Boris Johnson has revised a number of testing policies in an attempt to reduce the disruption caused by Covid isolation measures.

In a boost to the aviation industry, travellers to England will no longer need to take a pre-departure test – an increasingly pointless measure when cases in UK are already so high. 

Ministers have also announced that asymptomatic individuals who receive a positive lateral flow test can start isolation straight away, instead of waiting for a PCR test. This should reduce isolation time, helping to alleviate the staff shortage crisis. 

Additionally, the government is ramping up testing for 100,00 key workers, who will now be required to take daily tests for the next five weeks. The hope is that infections will be caught early, thus avoiding spread amongst colleagues although it could also result in more asymptomatic individuals being off work. 

While these are all positive moves, what is the longer term strategy for testing? And when will testing stop? 

Around a third of those with Covid don’t experience any symptoms. Which begs the question, at what point does asymptomatic testing do more harm than good? And should we still be forcing those who aren’t unwell to isolate? 

As Dr Max Pemberton, psychiatrist and medical writer, argues: “The nation has sleepwalked into a gigantic, expensive mass-screening programme – without properly considering whether it is justified or when it might stop.”

The government was under huge pressure to ramp up testing at the start of the pandemic, and rightly so. Without vaccines, it was imperative to know who had contracted the virus. 

But much has changed since then. Over 95% of the adult population is now thought to have some immunity to the virus. 

As Professor Sir John Bell, regius professor of medicine at Oxford University puts it: “The horrific scenes that we saw a year ago of intensive care units being full, lots of people dying prematurely, that is now history, in my view, and I think we should be reassured that that’s likely to continue.”

That doesn’t mean the virus will go away. But we should be allowed to return to pre-Covid life now that the virus is endemic. As Paul Hunter, a professor in medicine at the University of East Anglia, says: “We’re going to have to let people who are positive with Covid go about their normal lives as they would do with any other cold.”

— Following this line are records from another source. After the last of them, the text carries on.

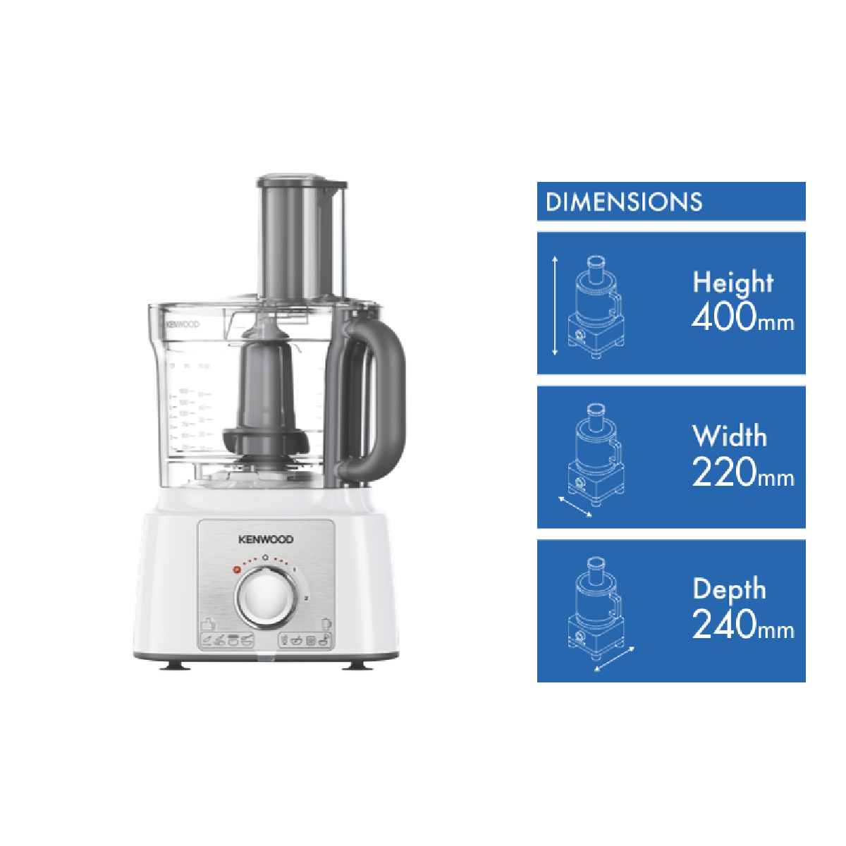 • Food processor with 3 Litre bowl and 1.5 Litre blender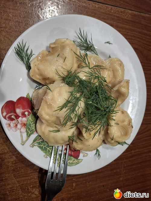 Пока выдернула траву, пока вскопала, пока посадила-полила. Надеюсь свои +0,8 кг я израсходовала. Приехали домой уж поздно, но кушать хочется, а готовить было некому. И вместо запланированной рыбы были вареники с картошкой 340г на 550кал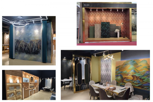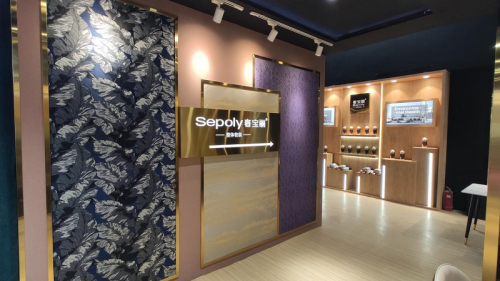 走进展厅,一抬眼便能看到奢宝丽三个大字熠熠生辉,搭配紫色艺术与北欧风情墙布,简单中蕴含非凡品味。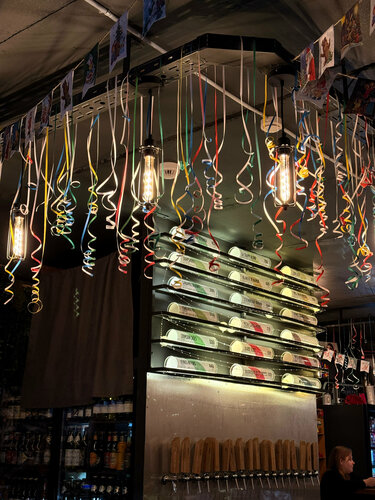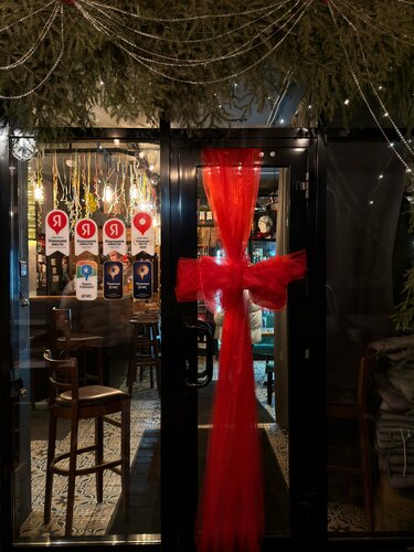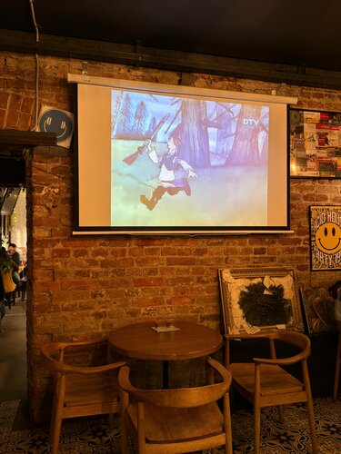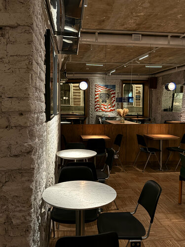 Заехала сюда совсем вечером в воскресенье после 8-9 поужинать! Внутри очень круто. В новогодней атмосфере украшен бар, по советскому стилю, рядом проектор показывающий старые мультики. В заведении два зала. Первый на входе, где большой бар и несколько посадочных уютных мест. Внутри свет приглушенный, создается более интимная атмосфера. Второй зал светлее, с тематикой перекликающимся с первым залом. Мест много. Обслуживающий персонал приветливый, милый, подскажет, поможет. Пока я делала фотографии стояли даже ждали, что вызывает умиление. Решила попробовать Бургер с курицей и обычный картофель фри. Бургер вкусный, конечно не вау, но хороший для данного заведения, картофель соленый в меру как я люблю и хрустящий! Меню необычное, в виде пластинки. По мне приятное место, хочется рекомендовать, без пафоса, со своей атмосферой и изюминкой!

Per head of population, the UK has now conducted more than double the number of tests as the French or Americans have, and over four times that of the Germans. But once the virus becomes endemic – as seems to be the case – is mass-testing still justifiable? 

Dr Pemberton says we must loosen isolation rules for medics: “Just before Christmas an entire week passed in which not a single junior doctor was working on the ward where I practise,” he explains. All had either tested positive, lived with someone with Omicron or were waiting for a PCR test result. “But not one of these doctors was actually ill.”

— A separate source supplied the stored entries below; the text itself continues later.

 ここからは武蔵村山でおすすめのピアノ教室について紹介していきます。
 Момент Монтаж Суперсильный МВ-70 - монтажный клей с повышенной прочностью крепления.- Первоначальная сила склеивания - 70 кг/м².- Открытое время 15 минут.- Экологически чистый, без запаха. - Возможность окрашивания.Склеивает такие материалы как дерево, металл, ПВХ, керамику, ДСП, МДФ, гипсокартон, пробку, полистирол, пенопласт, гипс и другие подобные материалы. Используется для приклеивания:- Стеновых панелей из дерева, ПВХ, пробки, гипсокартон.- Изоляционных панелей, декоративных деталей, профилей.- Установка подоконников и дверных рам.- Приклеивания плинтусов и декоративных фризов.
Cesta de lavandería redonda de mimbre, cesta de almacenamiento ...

Similarly, the Royal College of Paediatrics and Child Health has called for a halt to the routine testing of children in schools, suggesting pupils should simply stay at home if unwell. 

Viruses such as influenza, RSV and enterovirus spread through schools every winter. If we screened all pupils for them and enforced isolation, we might prevent a number of deaths in the overall population. But we don’t because to do so would be incredible disruptive, and it wouldn’t feel like a proportionate response. 

The big question now facing the government is when to call a halt to testing. After the last two years of scaring the public, convincing everyone that those who test positive with Covid should we allowed to get on with their lives will require a huge shift in thinking.